“Elizabeth and I were invited to-day,” said Mary. “We were to let Mrs. Gleason know what Saturday we would have free.”
“They have fine times there—so they tell me,” Azzie said. “I’ve never been invited to see for myself.”
“I do not know Mrs. Gleason personally,” remarked Landis, “but we have the same set of friends. No doubt if I should tell her that I’m Robert Stoner’s daughter, she’d out-do herself to be kind to me.”
“Why,” said Elizabeth guilelessly, “was she such a friend of your father’s?”
Landis shrugged her shoulders. “My father was a man of some prominence,” was the response. “But how is it that she invited you?
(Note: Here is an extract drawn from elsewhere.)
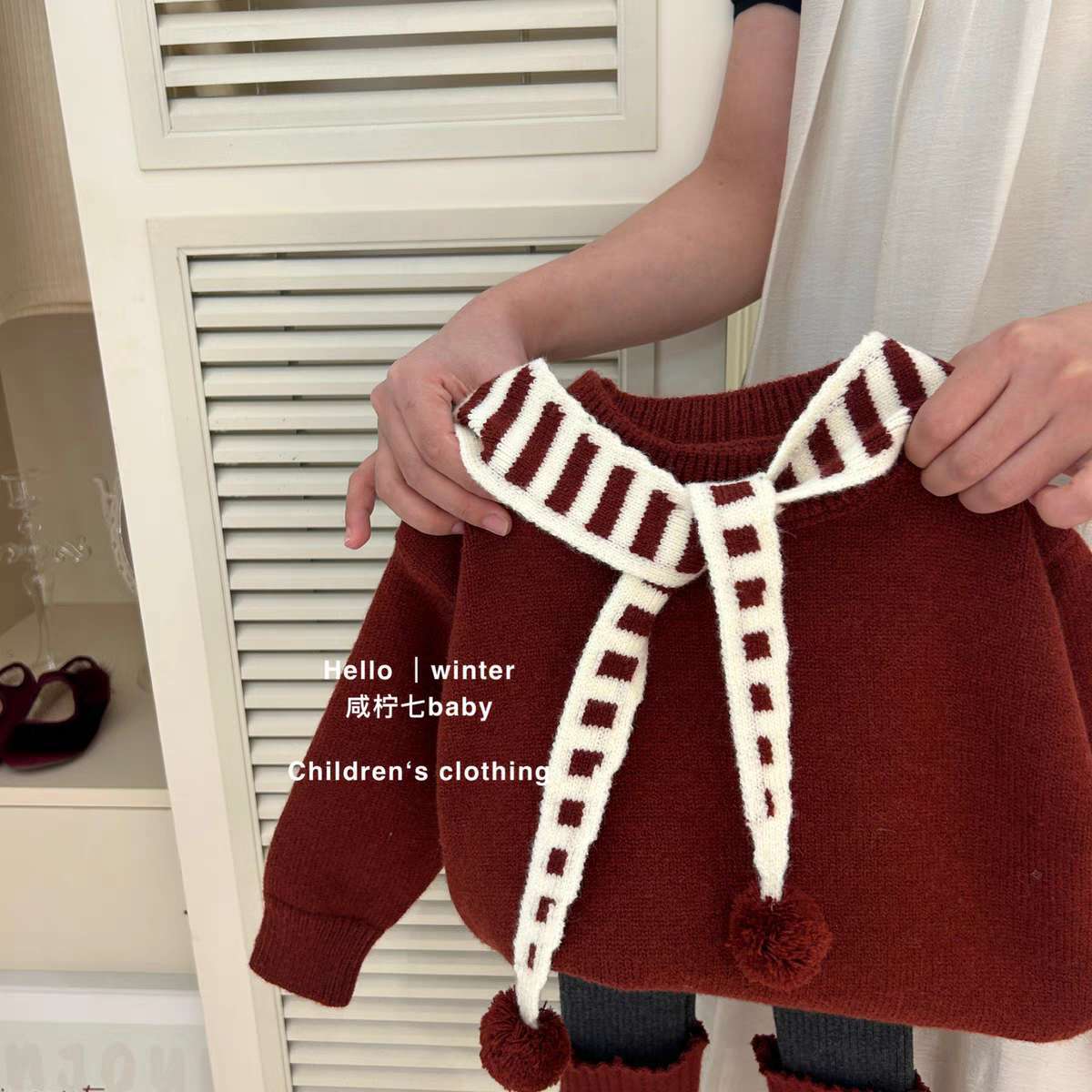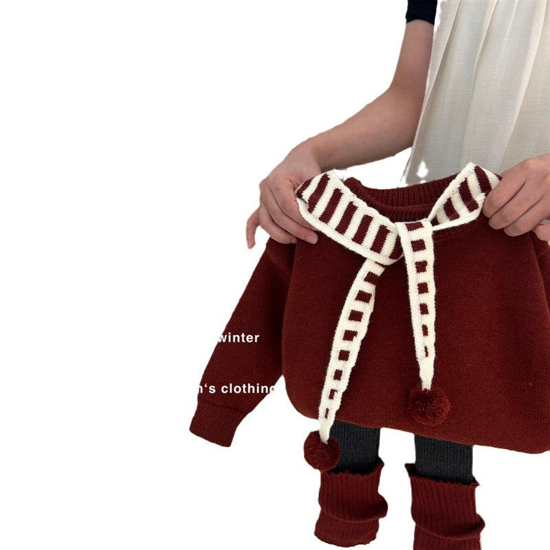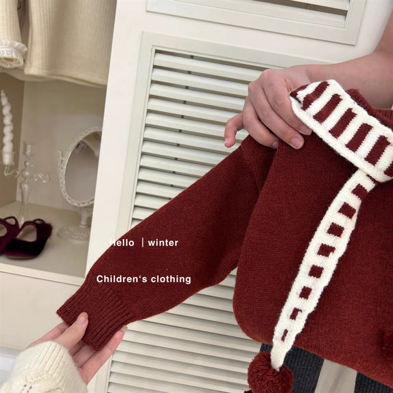 【Sweet Little Chef】New Year Red Sweater2025Autumn Winter Layered Shawl Knitted Sweater Top Girls' Set Trendy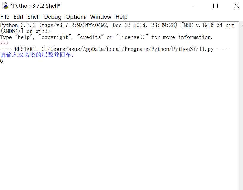 n=int(input("请输入汉诺塔的层数并回车:\n"))

Did you not tell me that you did not know her?”
“I don’t. I have never so much as seen her.”
“She’s very philanthropic—always trying to help people who need it. I suppose she knew you were a new student, and perhaps hadn’t a wide acquaintance here, so she invited you that you might not find life too dull.”
“Perhaps,” was the reply, with a smile of amusement. Elizabeth was learning a great deal, not less important that it lay outside of classes and books.
The other girls had departed. Only Landis and Miss O’Day remained. Then the former with a whispered “good-night” went tip-toeing down the hall. Miss O’Day lingered.
Much to Elizabeth’s surprise she bent her head to kiss her. “It was very kind of you, Elizabeth, to ask me to come this evening. But the other girls did not like it. Come to see me. You and I will grow chummy over my tea-table. But you do not need to ask me again when you entertain. I will not feel hurt. If you persist in being good to me, they will drop you and you will find it very lonely.”